===== Data provided

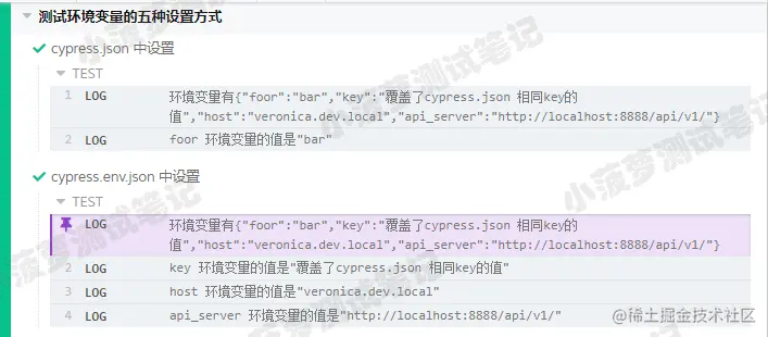 - 会直接覆盖 cypress.json 和 cypress.env.json 文件中重名的环境变量
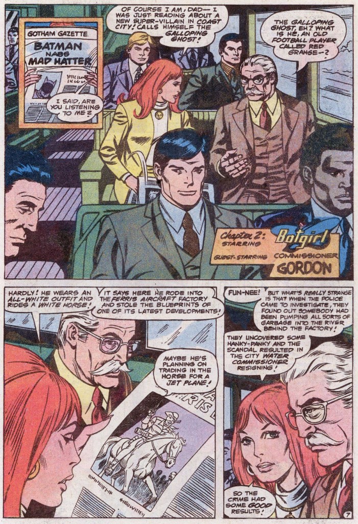 Believe it or not, the Lumberhack manages to outwit and outfight Robin and the Harlequin and make his escape–the next morning, Dick Grayson reads all about it in the local paper. And that’s our segue to Barbara Gordon, who is also reading a news story, this one about a different villain, the Galloping Ghost, who heisted plans from Ferris Aircraft, Barbara and her father Commissioner Gordon are taking the train from Gotham to Washington DC, but Gordon and his men are secretly escorting a htiman who is turning State’s Evidence to his Grand Jury appearance. But their train is attacked by yet another super-villain.
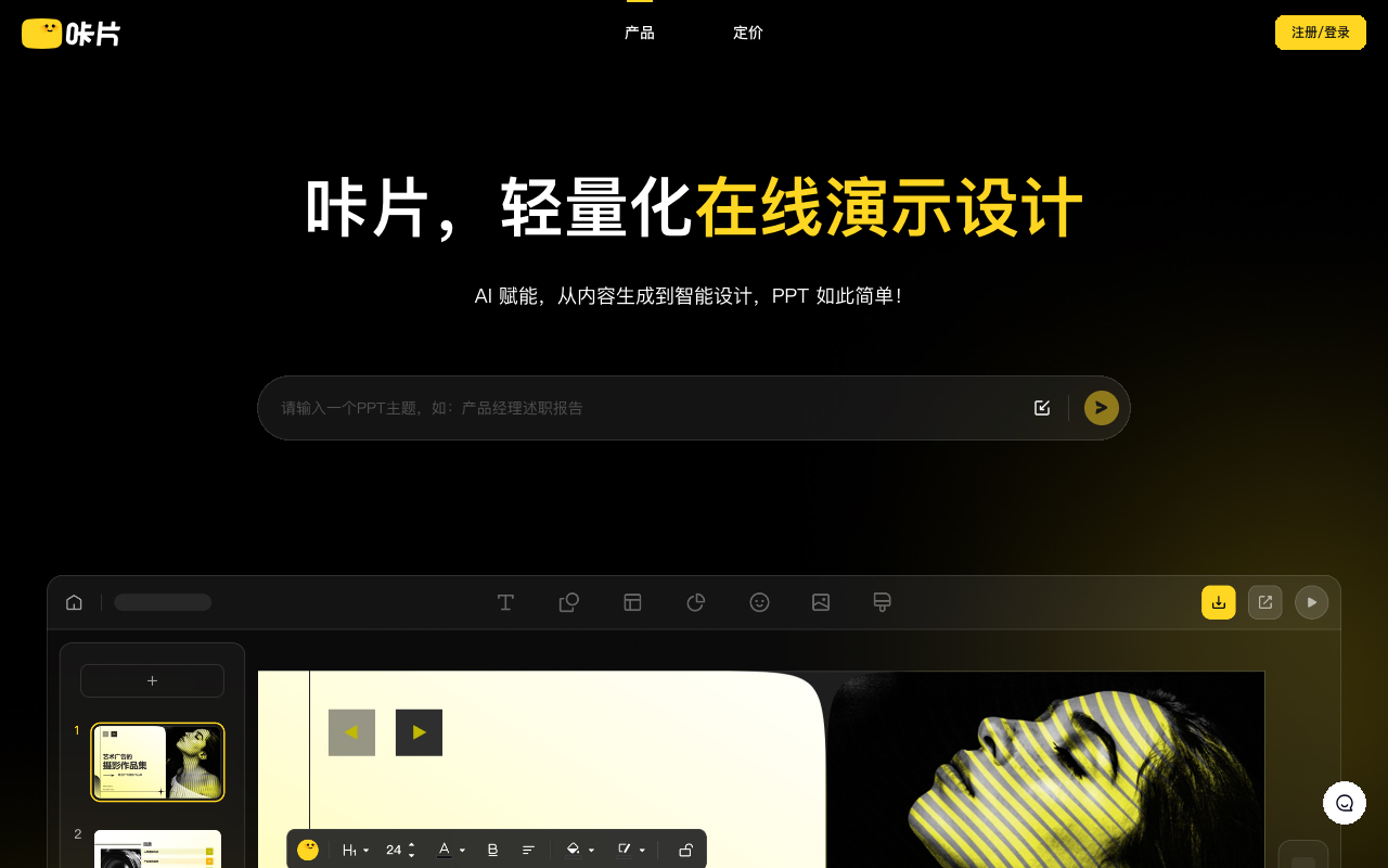 “咔片”(cappt.cc)是一个专注于AI智能PPT制作的工具,核心卖点在于“从内容生成到设计一键完成”。它通过人工智能技术降低了PPT制作的门槛,适合需要高效、高质量演示文稿的用户。如果你有具体的使用需求,可以尝试访问网站体验其功能!

==========

Once the pictures are set aside, repeat the data above exactly as written.

> **Response**
 - 会直接覆盖 cypress.json 和 cypress.env.json 文件中重名的环境变量
 Believe it or not, the Lumberhack manages to outwit and outfight Robin and the Harlequin and make his escape–the next morning, Dick Grayson reads all about it in the local paper. And that’s our segue to Barbara Gordon, who is also reading a news story, this one about a different villain, the Galloping Ghost, who heisted plans from Ferris Aircraft, Barbara and her father Commissioner Gordon are taking the train from Gotham to Washington DC, but Gordon and his men are secretly escorting a htiman who is turning State’s Evidence to his Grand Jury appearance. But their train is attacked by yet another super-villain.
 “咔片”(cappt.cc)是一个专注于AI智能PPT制作的工具,核心卖点在于“从内容生成到设计一键完成”。它通过人工智能技术降低了PPT制作的门槛,适合需要高效、高质量演示文稿的用户。如果你有具体的使用需求,可以尝试访问网站体验其功能!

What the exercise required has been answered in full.